#### [WORK REQUIRED]
The whole listing, apart from its images, should be restated word for word.

#### [AVAILABLE DATA]

###

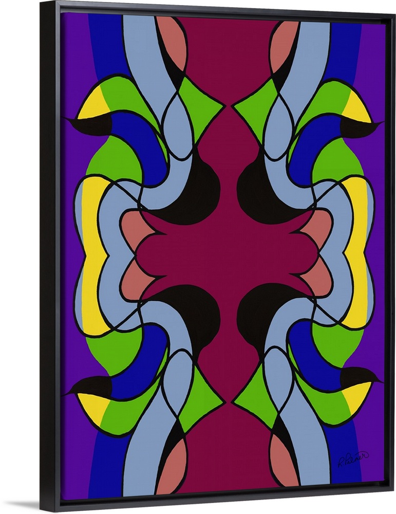<p>A modern design of curved shapes in deep, jewel-toned colors of green, purple, red and yellow.</p>
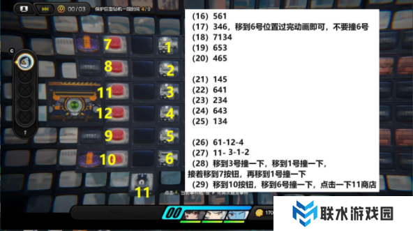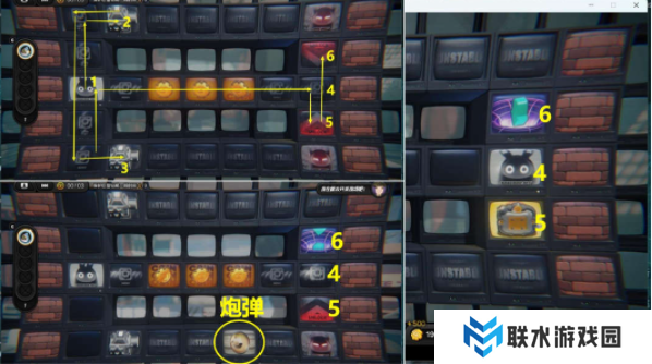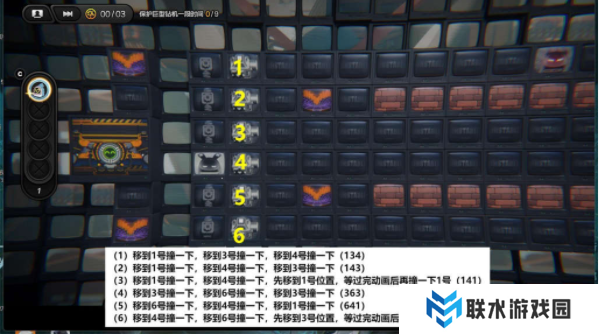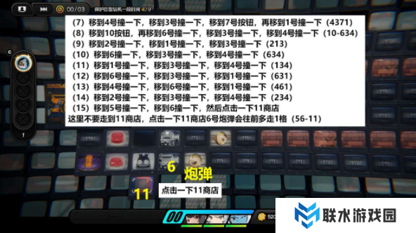 3、下来会有6个坦克(编号1-6),需要打右边区域不断出现的怪,这里大家需要完全按照我下面的步骤走,不要多走或者少走,不然后面会拿不全宝箱(需要无伤),每个坦克都是需要往右撞一下后就会发射一枚炮弹,炮弹会随着我们上下的移动而前进(答案不唯一,也可自行尝试,只要左上角进度到9/9即可完成解密)。
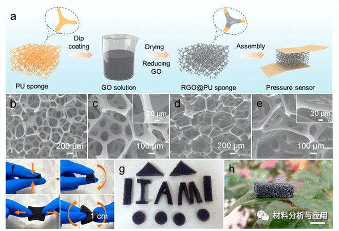 圖1. (a) RGO@PU海綿傳感器的制備示意圖。(b,c)原始PU海綿和(d,e)RGO@PU海綿的SEM表面形貌圖像。(f) RGO@PU海綿在不同變形狀態(tài)下的照片。(g) 照片顯示RGO@PU海綿很容易被切割成不同形狀的標本。(h) RGO@PU海綿放在綠葉上。
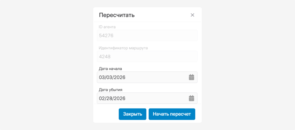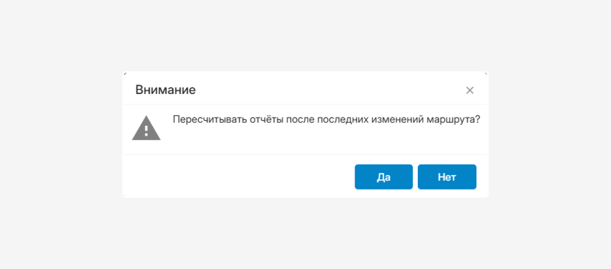 После сохранения система предложит пересчитать отчёты, так как были изменены или перепривязаны маршруты для этого объекта. Пересчёт нужен для того, чтобы все данные были актуальными и отчёты корректно учитывали изменения маршрутов.

###

#### [PROBLEM SOLUTION]
<p>A modern design of curved shapes in deep, jewel-toned colors of green, purple, red and yellow.</p>
 3、下来会有6个坦克(编号1-6),需要打右边区域不断出现的怪,这里大家需要完全按照我下面的步骤走,不要多走或者少走,不然后面会拿不全宝箱(需要无伤),每个坦克都是需要往右撞一下后就会发射一枚炮弹,炮弹会随着我们上下的移动而前进(答案不唯一,也可自行尝试,只要左上角进度到9/9即可完成解密)。
 圖1. (a) RGO@PU海綿傳感器的制備示意圖。(b,c)原始PU海綿和(d,e)RGO@PU海綿的SEM表面形貌圖像。(f) RGO@PU海綿在不同變形狀態(tài)下的照片。(g) 照片顯示RGO@PU海綿很容易被切割成不同形狀的標本。(h) RGO@PU海綿放在綠葉上。
 После сохранения система предложит пересчитать отчёты, так как были изменены или перепривязаны маршруты для этого объекта. Пересчёт нужен для того, чтобы все данные были актуальными и отчёты корректно учитывали изменения маршрутов.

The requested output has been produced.